Natürlich kann man über alles reden und sicher habe ich selbst
auf die negativen Konsequenzen hingewiesen. Ich halte nur nichts von
vorschnellen Verurteilungen, die es hier in der Vergangenheit bei
änlichen Unfällen in der bemannten oder auch unbemannten Raumfahrt
gegeben hat.
>
>>Ich halte dich aber in Sachen Raumfahrt für so kompetent, dass du meine
>>Frage nach zusätzlichen Regularien (Testflüge, Sicherheitschecks etc. )
>>eventuell beantworten könntest.
>
>
> Zu Unrecht. Ich weiss, es faellt dir generell schwer, zwischen
> "Raumfahrt" und "bemannter Raumfahrt" zu unterscheiden.
Als "Raumfahrt" bezeichnet man alle Flüge ins Weltall. Die "bemannte
Raumfahrt" ist ein Teil der "Raumfahrt" und wie der Name zum Ausdruck
bringt "bemannt". Wie kommst du zu der Annahme, mir könnte an dieser
Stelle eine Unterscheidung schwer fallen ...? Kannst du hier vielleicht
die passende Textzeile zitieren?
>
>
>>Hintergrund ist, dass wir beide der Meinung sind, dass ein Unfall in
>>diesem Sektor keinesfalls passieren sollte,
>
>
> Da haben wir es schon wieder. Wo schrieb ich so etwas?
> Also wirklich: Unterlass' es doch einfach, ueber die Meinung
> anderer Leute zu spekulieren. Nimm einfach mal an, dass ich
> das meine, was ich sage.
>
O.K ich nehme diese Satz zurück. Es war offenbar eine falsche Annahme,
dass du der Meinung sein könntest, dass ein Unfall in der privat
finanzierten Raumfahrt keinesfalls passieren sollte...
Datum: Wed, 24 Jan 2007 15:54:33 +0100
Autor: Thomas B
|
Re: Höhepunkte der privaten Raumfahrt 2007?
On 24 Jan., 14:54, Thomas B wrote:
> Als "Raumfahrt" bezeichnet man alle Flüge ins Weltall. Die "bemannte
> Raumfahrt" ist ein Teil der "Raumfahrt" und wie der Name zum Ausdruck
> bringt "bemannt". Wie kommst du zu der Annahme, mir könnte an dieser
> Stelle eine Unterscheidung schwer fallen ...? Kannst du hier vielleicht
> die passende Textzeile zitieren?
Ich habe wirklich keine Lust, deine Postings zu durchforsten.

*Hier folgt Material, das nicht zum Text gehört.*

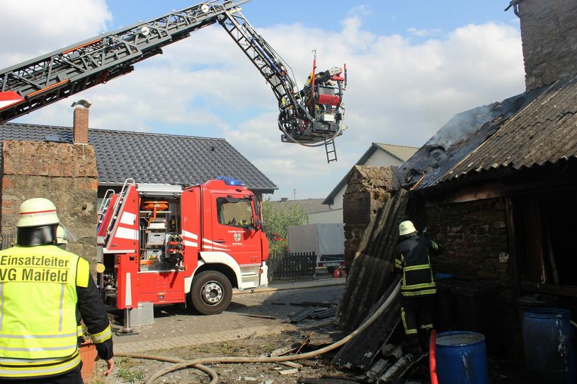 Am Brandort waren 29 Feuerwehrleute der Feuerwehren, Mertloch, Mayen, Polch und Kollig, sowie zwei Rettungsfahrzeuge des DRK im Einsatz. Die Feuerwehren hatte den Brand schnell unter Kontrolle, es wurden keine Personen verletzt. Der Schuppen brannte aus und an einem benachbarten Carport entstand ebenfalls Sachschaden. Die genaue Schadenshöhe lässt sich derzeit noch nicht beziffern. Nach ersten Erkenntnissen könnte das Feuer durch Schweißarbeiten an Dachpappebahnen entstanden sein. die Kriminalpolizei Mayen hat Ermittlungen aufgenommen.
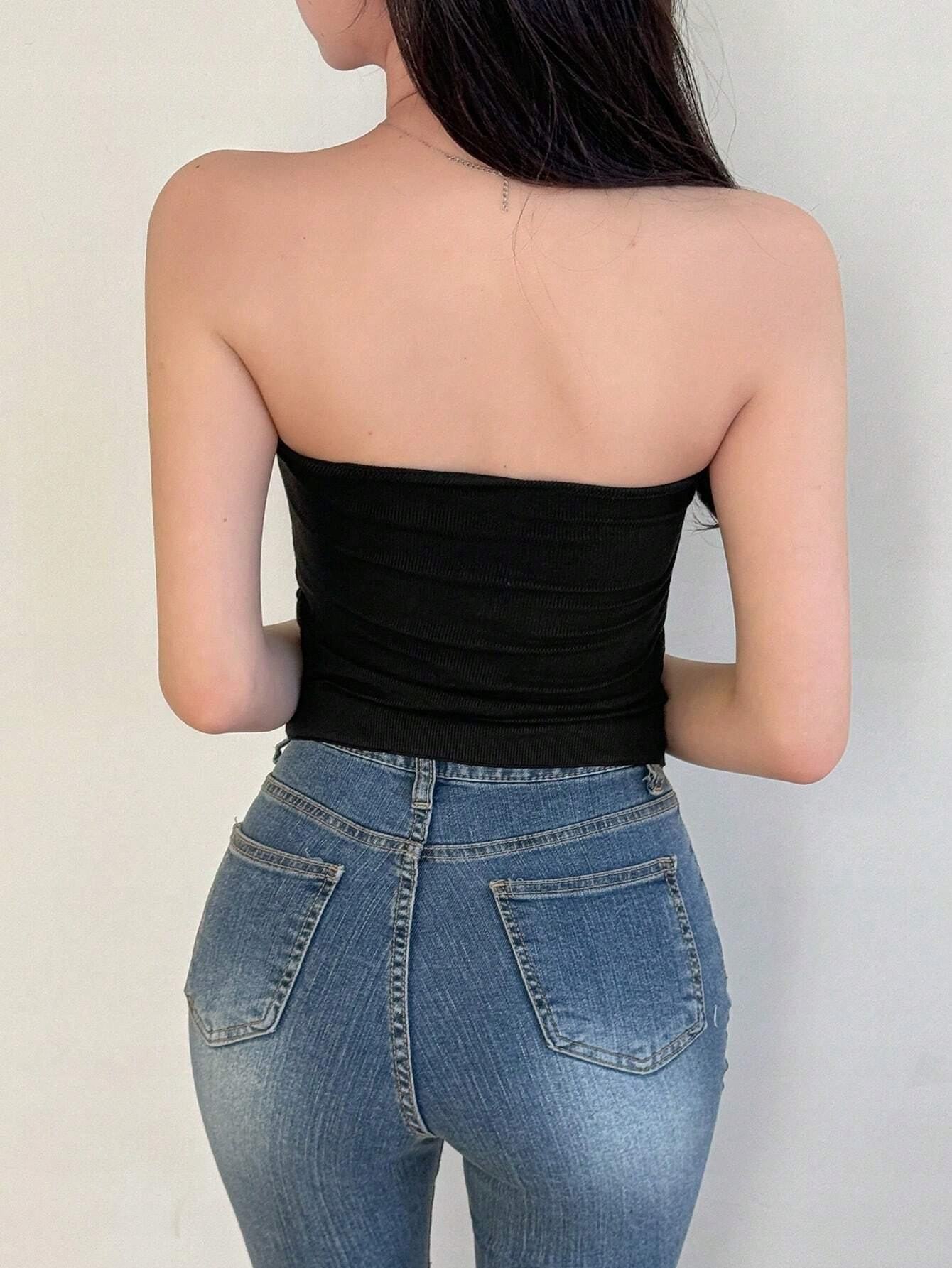 SHEIN ЧЕРНЫЙ ТОП В РЕБРИКУ С ДЕКОРАТИВНЫМИ ПУГОВИКАМИ XL 72545

Es faellt mir nur vermehrt auf, zum Neispiel auch eben wieder,
als du, warum auch immer, meintest, ich koenne mir zu
Regularien zur Raumfahrt (womit du private bemannte Raumfahrt
meintest, denn nur um die ging es) etwas einfallen lassen.
Ist halt mein Eindruck.
Vertikale Fluege, mit denen mal eben etwas ueber 100
km Hoehe gestippt wird, sehe ich nicht wirklich als
Raumfahrt an. Der Werbe-Hype mag das anders
darstellen, das bleibt denen ja unbenommen.

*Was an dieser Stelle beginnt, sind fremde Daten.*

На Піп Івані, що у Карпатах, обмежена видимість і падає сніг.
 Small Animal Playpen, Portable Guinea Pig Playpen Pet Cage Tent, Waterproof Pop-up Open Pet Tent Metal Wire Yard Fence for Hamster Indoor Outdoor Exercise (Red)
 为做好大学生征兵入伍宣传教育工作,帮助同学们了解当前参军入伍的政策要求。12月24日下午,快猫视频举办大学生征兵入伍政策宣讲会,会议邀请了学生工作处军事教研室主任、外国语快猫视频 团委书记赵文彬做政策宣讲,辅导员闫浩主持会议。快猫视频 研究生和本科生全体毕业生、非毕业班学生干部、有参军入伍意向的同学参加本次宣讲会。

> Es war offenbar eine falsche Annahme,
> dass du der Meinung sein könntest, dass ein Unfall in der privat
> finanzierten Raumfahrt keinesfalls passieren sollte...
Auch hier wieder "bemannte Raumfahrt". Ja, in der Tat,
das ist eine falsche Annahme.
Generell sehe ich nicht, warum irgendjemand
fordern solle, dass ein Unfall, egal wo, "keinesfalls"
passieren sollte. Wer sich ins Weltall begibt, der
geht ein Risiko ein, und zwar beim heutigen
Stand der Technik ein ganz erhebliches. Jede
Kleinigkeit kann sehr schnell den Tod nach sich
ziehen, beispielsweise schon der Bruch eines der
schoenen grossen runden Fenster bei der
SpaceShipOne. Es muss gar keine komplizierte
Katastrophe sein, eine Kleinigkeit reicht schon,
und das war's. Wer das leugnet, der macht sich
was vor.
Das heisst nicht, dass man solche Unternehmungen
ablehen soll, aber es ist albern, Maximalforderungen
aufzustellen, wie "Unfaelle sollen keinesfalls passieren".
Sie werden passieren, das ist unvermeidlich.
Genausogut koennte man fordern, dass keinesfalls
Unfaelle beim Bergsteigen oder Tauchen passieren
sollen. Eine vergebliche Forderung.
Wer so etwas fordert, der macht zweierlei:
1.) Er wendet sich implizit gegen technischen Fortschritt,
der dieser Fortschritt, bei dem die Grenzen des technisch
Machbaren ein Stueck weit hinausgeschoben werden,
impliziert immer auch ein Risiko.
2.) Er langweilt andere Diskussionsteilnehmer.
Datum: 24 Jan 2007 08:42:08 -0800
Autor: Michael Khan
|
Höhepunkte der privaten Raumfahrt 2007?Re:
Hallo Michael,
Michael Khan schrieb:
>
>
> Ich habe wirklich keine Lust, deine Postings zu durchforsten.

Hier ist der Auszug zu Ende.